On 10 August 1734, the painting was bought at auction in Amsterdam by the merchant Nicolaas Kohl from Arensborg (1675–1751). Supposedly it came to Sweden as inheritance from Kohl's widow, Sophia Grill, who died in 1766 in Zwammerdam (Netherlands). It was acquired by Anna Johanna Grill, the sole daughter of the wealthy Claes Grill. Anna Johanna (1745–1801) was married to the Stockholm merchant Henrik Wilhelm Peill (1730–1797). Probably on the advice of artist friends, perhaps because of its size, Peill deposited the painting at the Royal Swedish Academy of Arts. It can be seen hanging on the wall in the background of a painting by Elias Martin of the visit of King Gustav III to the Academy in 1782. In 1785 the painting was transferred to the Stockholm Palace. In 1798, the work was donated to the Academy of Fine Arts by Anna Johanna Grill, the widow of Peill and the sister of Adolf Ulric Grill, who was a member and for a while president of the Academy.

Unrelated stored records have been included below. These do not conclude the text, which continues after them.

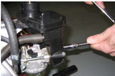
9) Install nuts and tighten
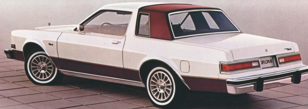
DIPLOMAT SPORT COUPE IN PEARL WHITE/BARON RED.

About this catalog. We have tried to make this catalog as complete as possible. And we hope you find it useful. However, since the time of printing some of the information you'll find here may have been updated. Also, some of the equipment shown or described throughout this catalog is available at extra cost. Your dealer has details and you should ask him for current information before ordering.
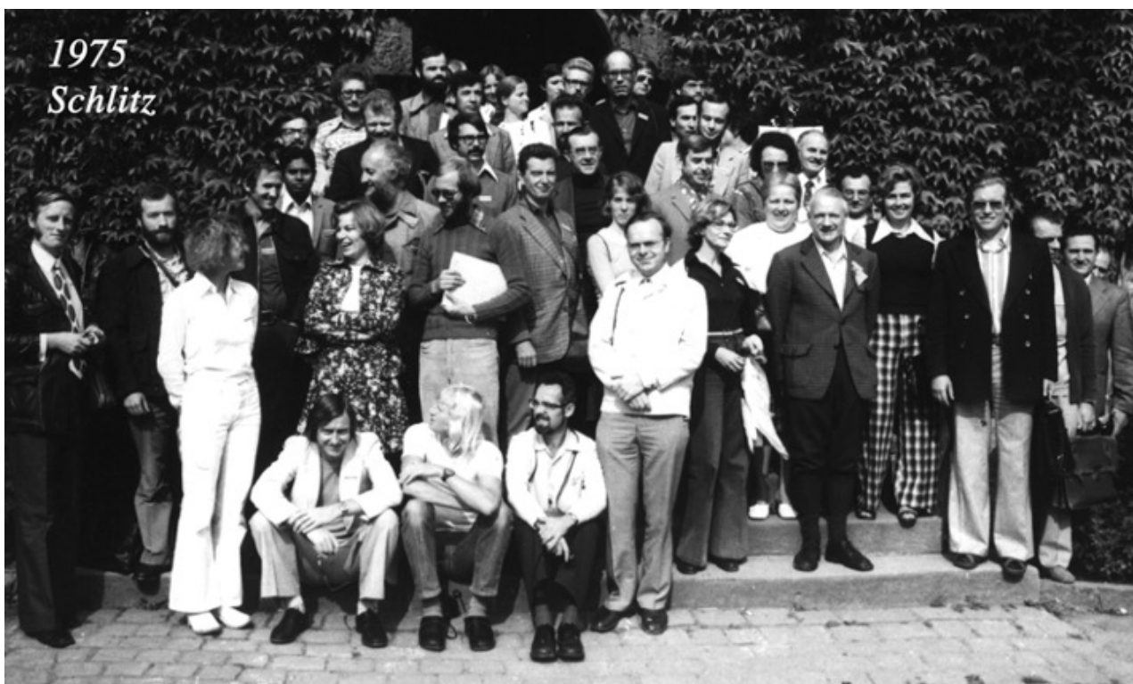
The original (without annotations)

We have tried to annotate the photos, but many names are missing or even uncertain. If anybody who are in the pictures (or who recognises people not named or wrongly named in the annotated photos) could help us with names of the participants, we will be very happy for the help. Please email the editors - we promise to share the updated annotations!

Peill, who had previously supported the King financially in his coup d'état in 1772, complied, and a plan of the royal collection shows the painting in a central position in one of the galleries. Around 1782, the painting was restored by conservator Erik Hallblad. Hallblad (1720–1814), who had developed or learnt a method for transferring an oil painting from one canvas to another, removed the paint layer from Rembrandt's original canvas and attached it to a new one. Some damage appears to have occurred during this risky process; the extra sword now seen on the painting was probably added by Hallblad to mask this. The painting is still owned by the Academy of Arts but has been deposited since 1864 in the Nationalmuseum in Stockholm.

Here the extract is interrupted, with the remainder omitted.